Liverpool beat Tottenham to maintain their 100% start to the season and secure victory in each of their first five league fixtures for the first time in 27 years.

Georginio Wijnaldum’s looping first-half header, awarded by goalline technology, set Jurgen Klopp’s side on their way before Roberto Firmino hammered home from close range.

Erik Lamela scored late on to set up a tense finish, but they could not create another clear chance to equalise.

The result means Spurs have suffered back-to-back league defeats for the first time since the final two fixtures of the 2015-16 season.

Liverpool’s powerful statement

Liverpool’s title ambitions have been clear since the arrival of expensive summer acquisitions such as £67m goalkeeper Alisson from Roma to top up other new signings Naby Keita, Fabinho and Xherdan Shaqiri, as well as the £75m purchase of defender Virgil van Dijk in January.

The expectations have been heightened by those four straight wins but a trip to face Spurs at Wembley, where they were well beaten 4-1 last season, was regarded by many as the acid test of those aspirations.

They answered in the most positive manner possible and confirmed their growing status as the team most likely to topple reigning champions Manchester City. This game was never as close as the final scoreline suggests.

True, Spurs were astonishingly lethargic but it would be unfair to remove credit from Liverpool on the basis of the home side’s performance.

The Reds were more vibrant, dangerous and energetic from the first whistle and moments of discomfort when they were not in control were few and far between.

The imperious Van Dijk ruled at the back, Liverpool were dominant in midfield and the pace of Sadio Mane and the guile of Firmino were simply too much for Spurs.

Sloppy Spurs suffer in the sun

Spurs looked like they had recorded a landmark win when they went to Manchester United and came away with a convincing 3-0 victory.

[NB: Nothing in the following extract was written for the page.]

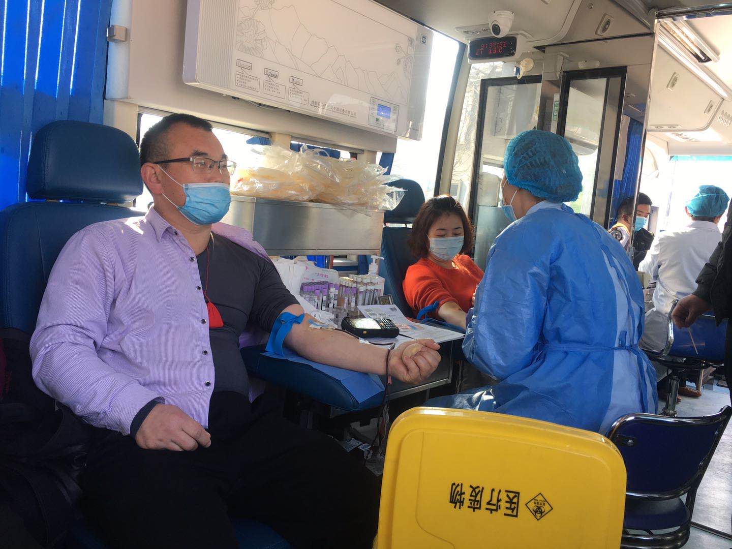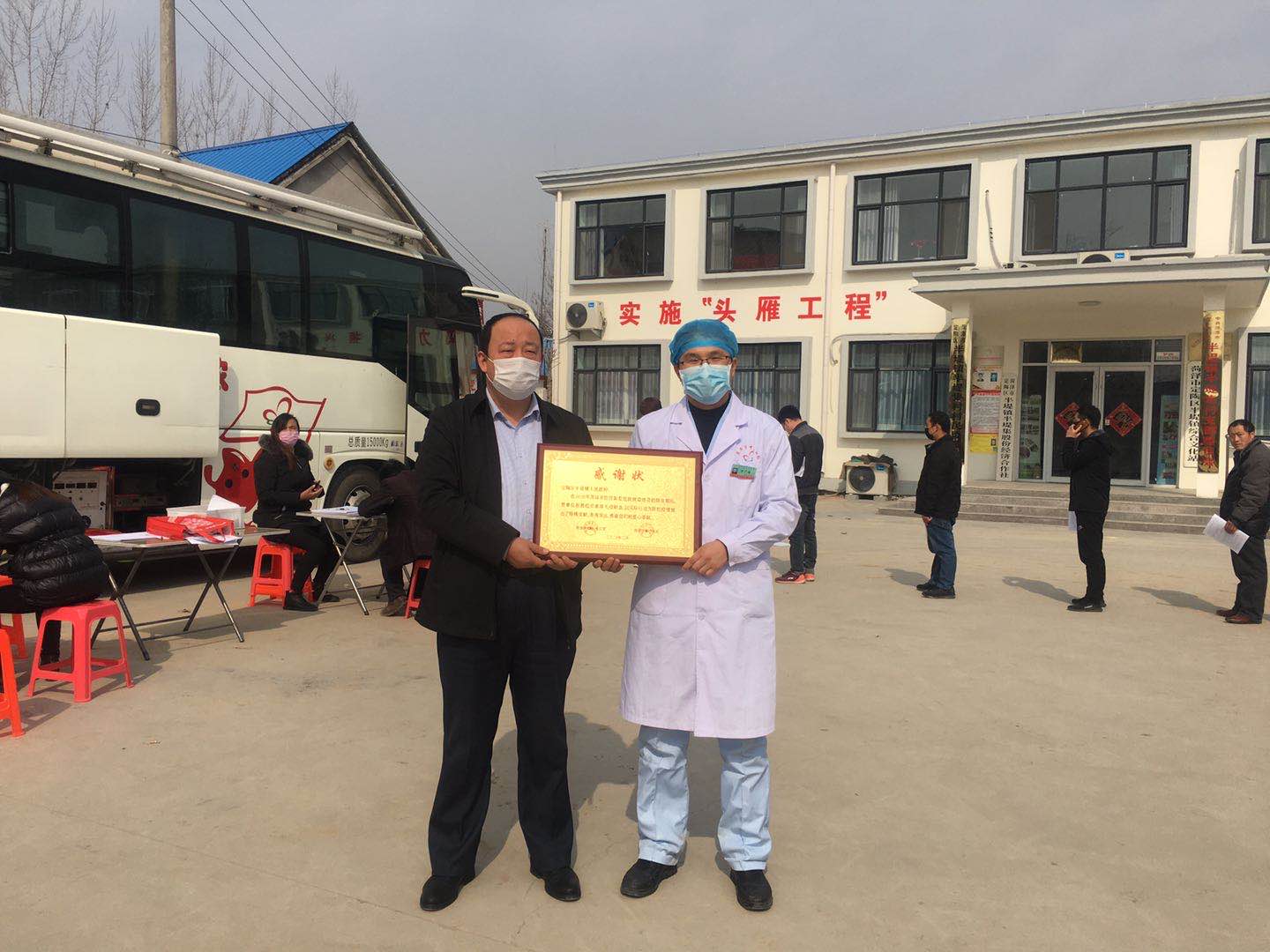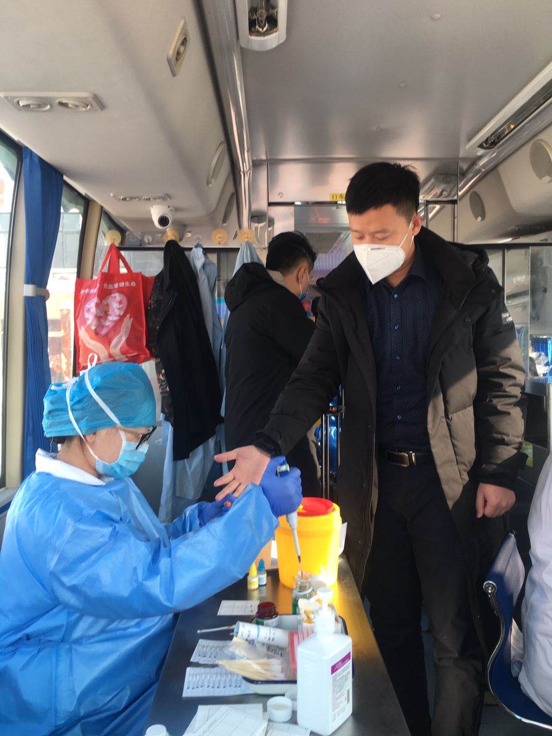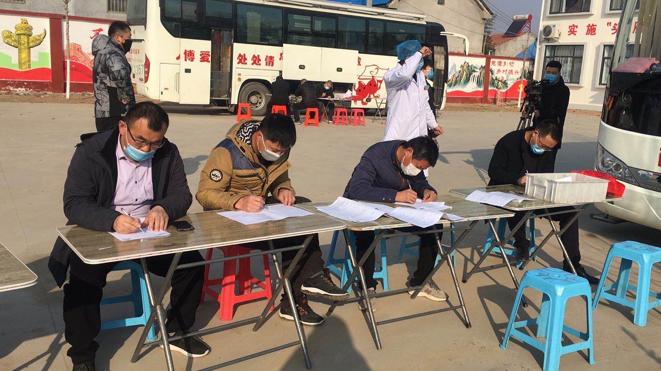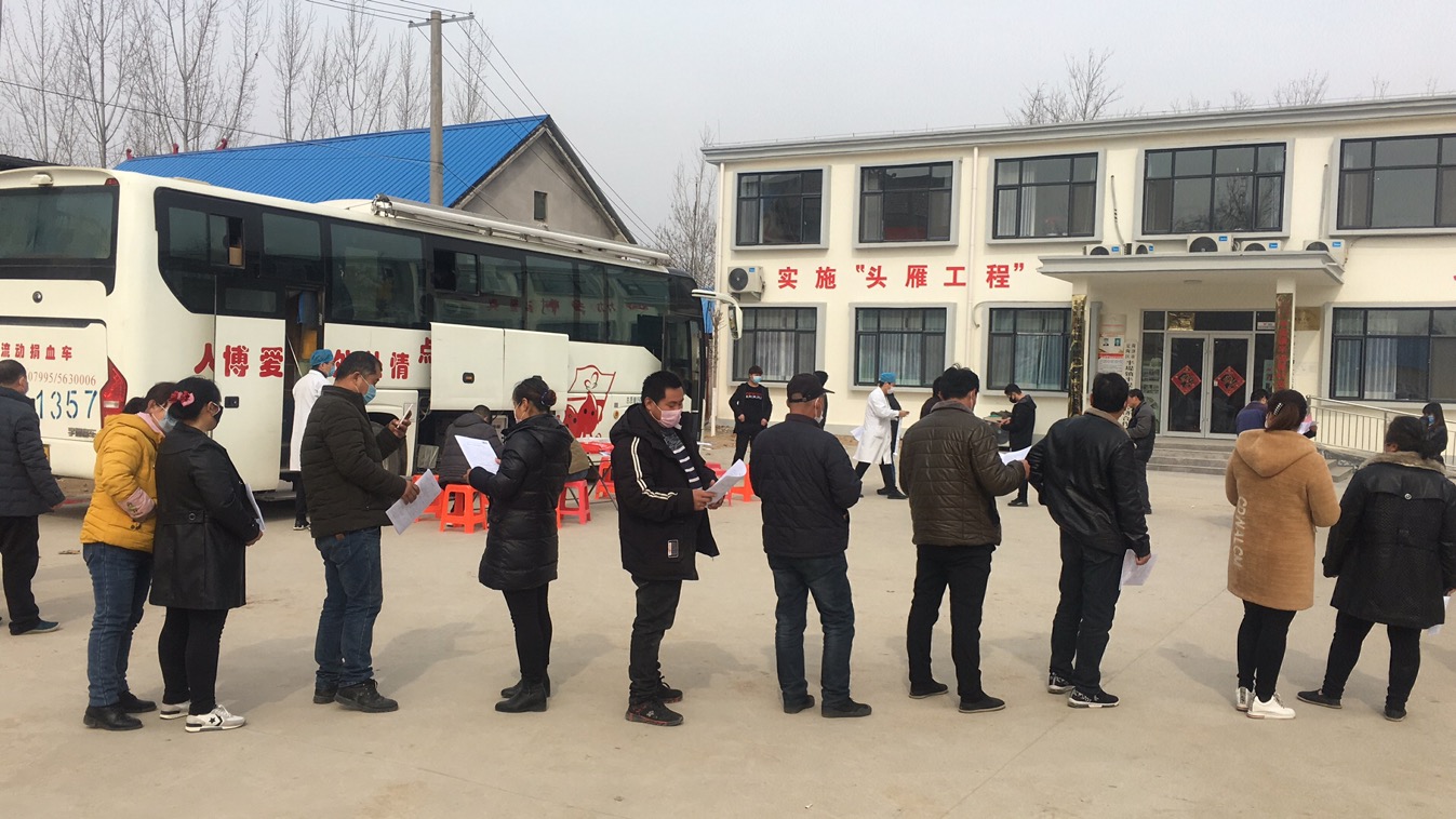在定陶区半堤镇半堤集村的文化广场上,两辆献血车和十余名工作人员在紧锣密鼓的忙碌着。半堤镇党委副书记毕国胜,与马常学、李兴新、李凯、高燕超等20余名干部早早地在广场上等待。踊跃献血的群众在做好有效间隔和防护的情况下,在两辆献血车前都排起长龙。他们在工作人员的引导下,依次测填表、测体温、测血压、化验,一切井然有序。女干部潘鲁华,起初对抽血有点胆怯,当带着爱心和希望的鲜红血液缓缓流进储血袋时,脸上洋溢着欣慰的笑容。张楼村村民赵自柱和张东燕是一家人,当听说有献血的消息后,第一时间带领孩子赶到了现场。张东燕说:“带领孩子来献血,虽然孩子献不了,但也是对孩子进行爱心教育。全家献爱心,同心战疫情,很有意义。”好多家庭都是全家来献,场面十分感人。“我是第一次献,原来这么多步骤,让我觉得十分严肃,还有了一种上战场的感觉,希望湖北的疫情早日结束。现在疫情严重,血液需求量大,我们大家都愿意奉献一片爱心。”张楼村群众张正国说。

It looked like the sort of statement manager Mauricio Pochettino had been seeking – but how the tables have turned since that night at Old Trafford.

Spurs conceded a lead to lose at Watford and to be brutal they were a very serious second best to Liverpool at Wembley.

Pochettino was without injured goalkeeper Hugo Lloris, particularly expensive given Michel Vorm’s uncertainty, and Dele Alli – but so many aspects of this performance will have disappointed the demanding Spurs manager.

Spurs looked exhausted and off the pace almost from the first whistle, second to everything, and to see his side look so leg-weary and drained so early in the season will concern Pochettino.

Of course it is early days and far too soon to be raising serious questions about Spurs but the manner in which they were so completely outmanoeuvred by a team they will rightly regard as close rivals was ominous at times.

It could be that Spurs are suffering a hangover from the World Cup as seven of their starting line-up were involved until the semi-final stage.

And, of course, it may have been a very bad off-day.

Pochettino will hope it is the latter after a day of suffering in the Wembley sun for Spurs.

Underrated Firmino exerts his influence

Liverpool’s attacking trio of Firmino, Mane and Mohamed Salah have had a devastating impact on the Premier League and Champions League after Klopp brought them together at the start of last season.

Their combination of pace, movement and firepower has wreaked havoc ever since in a manner which strikes fear into the heart of the best defences.

Salah was subdued again but Mane’s blistering pace was a constant danger and Firmino’s subtle touches and work-rate were a standout.

The Brazilian made a slightly slow start to the season but he has now contributed what proved to be the winning goals in successive away wins at Leicester City and now Spurs.

He has an impact in all areas of the pitch, whether it is scoring from virtually standing on the line to chasing back to near his own corner flag to help with defensive duties.

Firmino is a class all-rounder and it is easy to see why Klopp rates him so highly.